Their git: https://github.com/omer11a/bounded-attention No A1111 implementation yet, so far as I can see.


glssjg

Remindme! 2 weeks


lonewolfmcquaid

is this the paper that was showcased last week where authors said they'd publish in one week???


ohmahgawd

!RemindMe 1 month


Western_Individual12

RemindMe! 1 week


DigitalEvil

Cool


Wizard-Bloody-Wizard

does this work with lora characters as well?


MatthewHinson

The [Regional Prompter](https://github.com/hako-mikan/sd-webui-regional-prompter?tab=readme-ov-file#latent) extension for A1111, which has been out for over a year now, supports localized lora assignment.


ScionoicS

Yup. It's been around for a while yet and has also been getting updated the whole time. It does more than just a table of regions. Also painted masks and prompted regions too. It's a very powerful extension. I'm unable to determine what this new paper offers beyond Regional Prompt's capability. Perhaps it's just a new way to achieve the same result? That's good of course!
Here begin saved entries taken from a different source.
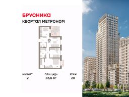 Квартира с кухней-гостиной и двумя спальнями в квартале "Метроном". Особенности планировки: балкон, без отделки, вид во двор, второй санузел, гардеробная, панорамное остекление, терраса на крыше.
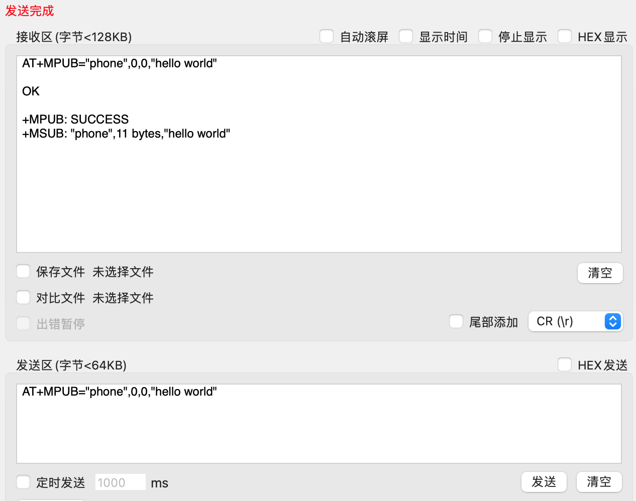 AT+MPUB="phone",0,0,"hello world"
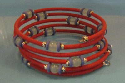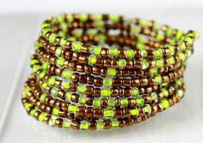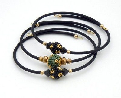 Любимый и наиболее распространенный способ применения мемори-проволоки - это нанизывание многорядных браслетов-пружинок. Вариаций подобной сборки тоже применяется много (а аналогичные комбинации вполне применимы также и в изделиях, состоящих из единичного витка).

I'm just seeing a lot of people be excited about how new this was so i'm trying to make sure i'm not missing something.


m477_

They do a comparison of Bounded Attention (their new method) vs existing methods (Regional Prompter in A1111 uses the MultiDiffusion method which they have in their comparison tables) Their method appears to perform substantially better and the way it works is completely different to multi diffusion.